Island of Bewilderment is a recent English translation of Jazire-ye Sargardāni, a historical novel by the late Simin Daneshvar, originally in Persian and published in 1992. Daneshvar (1921- 2012) was considered Iran’s first female novelist. Her books were about the lives of ordinary people, especially women, through the lens of political and social events in the country. She was also a renowned translator and counted Anton Chekhov’s The Cherry Orchard among her translations into Persian. She was the wife of the famous social critic and writer, Jalal Ale-Ahmad, also a writer of acclaim.
The novel is set in Tehran during a tumultuous period in the mid-1970s that led to the eventual fall of the Pahlavi dynasty and the subsequent rise of the Islamic Republic. Daneshvar examines Iranian society, through the eyes of a young, secular-minded Iranian woman, who bears witness to a society awash with petrodollars with noticeable extremities in wealth between the English-speaking urban elite and the conservative Farsi-speaking poor.
Hasti Nourian is a twenty-six-year-old college graduate, artist and employee of Iran’s Ministry of Art and Culture and aspires to be an independent, strong woman with control of her destiny. Following the death of her father and her mother’s subsequent remarriage, Hasti lives in modest accommodations with her paternal grandmother in central Tehran. Throughout the story, Hasti’s grandmother narrates her son’s death as a martyrdom, following a tragic shooting at a political rally held by Dr Mohammed Mosaddeq, Iran’s nationalist Prime Minister.
Hasti is deeply in love with Morad, a young architect and former college classmate with radical political leanings. Morad is a staunch critic of Iran’s Westernized bourgeois class, to which Hasti’s mother ironically belongs. In many ways, Morad reflects the ideological leanings of Daneshvar’s husband Jalal-Ale-Ahmed, who in his influential work Garbzadeghi (“Westruckness”), he criticizes the Westernization of Iran under the Shah. Echoes of this critical essay appear to pervade parts of the story.
Hasti’s mother Eshrat and her wealthy husband live the good life with their young son and half a dozen servants in an affluent part of Northern Tehran. Apart from learning English at the Iran-American Society so that she can converse confidently with American and British expatriates, Eshrat’s life revolves around hairdresser appointments, shopping, and planning glamorous parties. Keen to see her daughter marry well, Eshrat introduces Hasti to Salim, a British-educated young man from a wealthy family, but one who is also religiously conservative with an interest in Islamic mysticism.

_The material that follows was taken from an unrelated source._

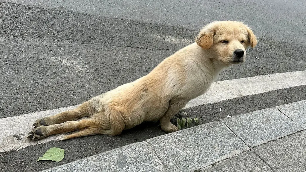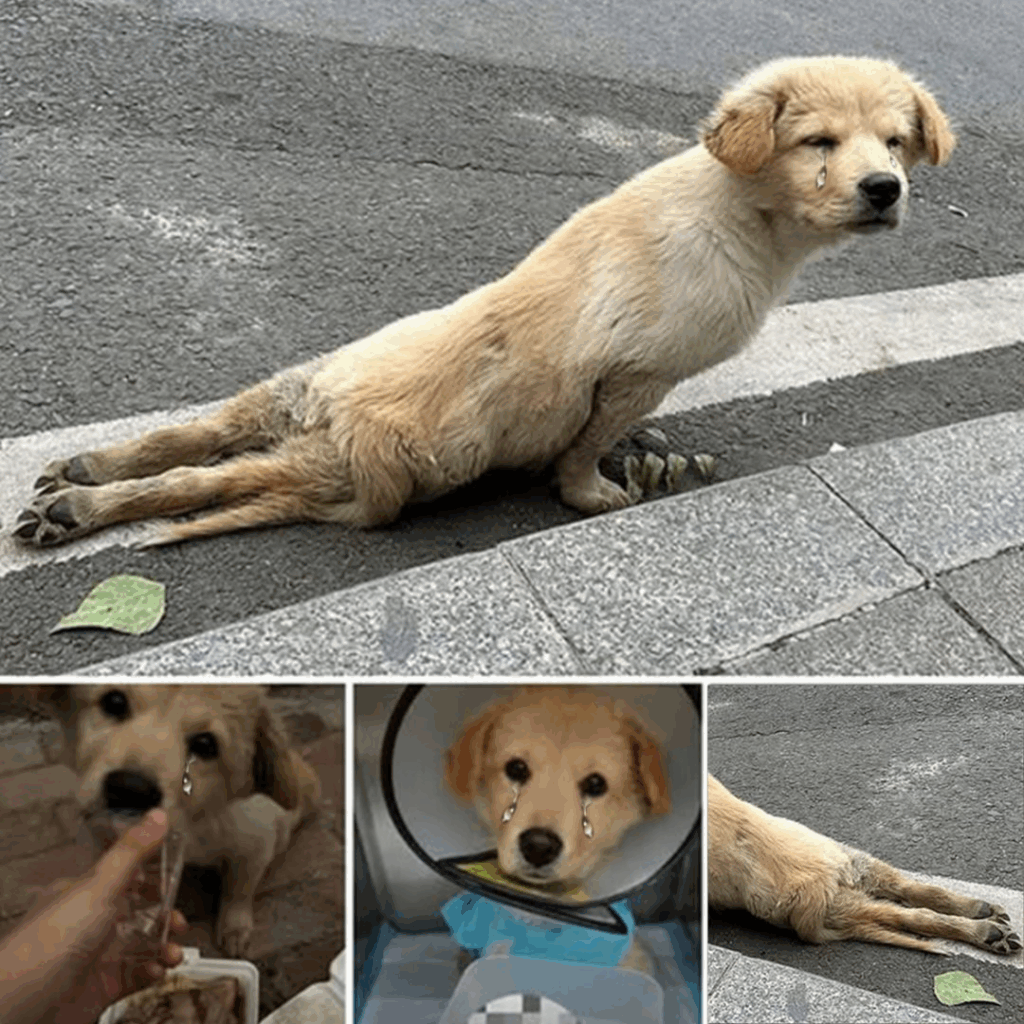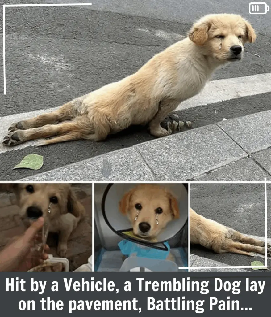 Yet, amidst this ordinary day, a small, trembling figure lay on the rough pavement, battling unbearable pain. A brave dog, its hind leg crushed and broken by a speeding car, fought for survival with every ounce of strength left in its frail body.
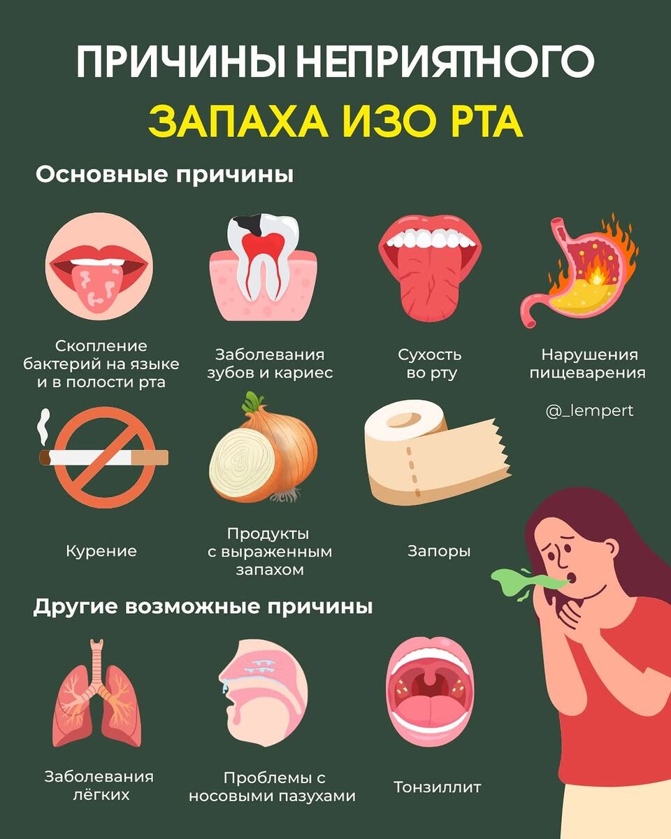 ❗️В 80–90% случаев причина запаха находится в полости рта.

On visiting Hasti at her grandmother’s home, Salim states:
I don’t want my wife to work, whether at home or at the office. She will be tired enough if she only takes care of the children and the husband, think about it: waking children from sweet sleep at the crack of dawn and passing them like footballs from aunt to grandmother so that woman can go to work – is that right?
Despite Salim’s orthodox views, Hasti nevertheless finds herself increasingly attracted to him, despite having already proclaimed her love for Morad. Both men are in love with Hasti, and their virtues are compared and considered throughout the novel by Hasti and those around her.
Scenes of Hasti’s life at the Ministry and Tehran University are featured throughout the novel and the dialogue portrays the rich intellectual life of the period. An element of tension comes from the lurking presence of Savak agents (secret police). Daneshvar, candidly writes about Savak in the novel, commenting on their ability to interfere in an individual’s life based on ideology or religious sentiment. It is within this setting that the author appears as a character in her own novel as “Simin”, a professor at Tehran University and one of Hasti’s professors.:
Finding Simin alone was never easy. She had tried it many times. Usually, students, both male and female, surround her after class and pour down the wide staircase beside her and behind her. And in the corridor, another crowd joins her and assails her with questions. Simin’s eyes shine. These are all my children.
Simin becomes a close friend and mentors Hasti as she negotiates turbulent emotional and political waters.
Other individuals, drawn from the author’s life appear throughout this intriguing semi-autobiographical novel, historical fiction merging successfully with factual as the reader gains insight into intimate literary circles that once existed. From beginning to end, Hasti moves through different social circles and events, from meeting influential foreigners at parties to helping undocumented rural migrants inhabiting the slums of Southern Tehran.
The new translation by Patricia J Higgins and Pouneh Shabani-Jadidi brings Iran’s most successful female novelist’s work to an English-reading audience. Considering the heavy censorship that existed at the time the novel was published in 1992, and as well as the recent social media blackouts in Iran, this novel is remarkable in its portrayal of a society at the cusp of revolution.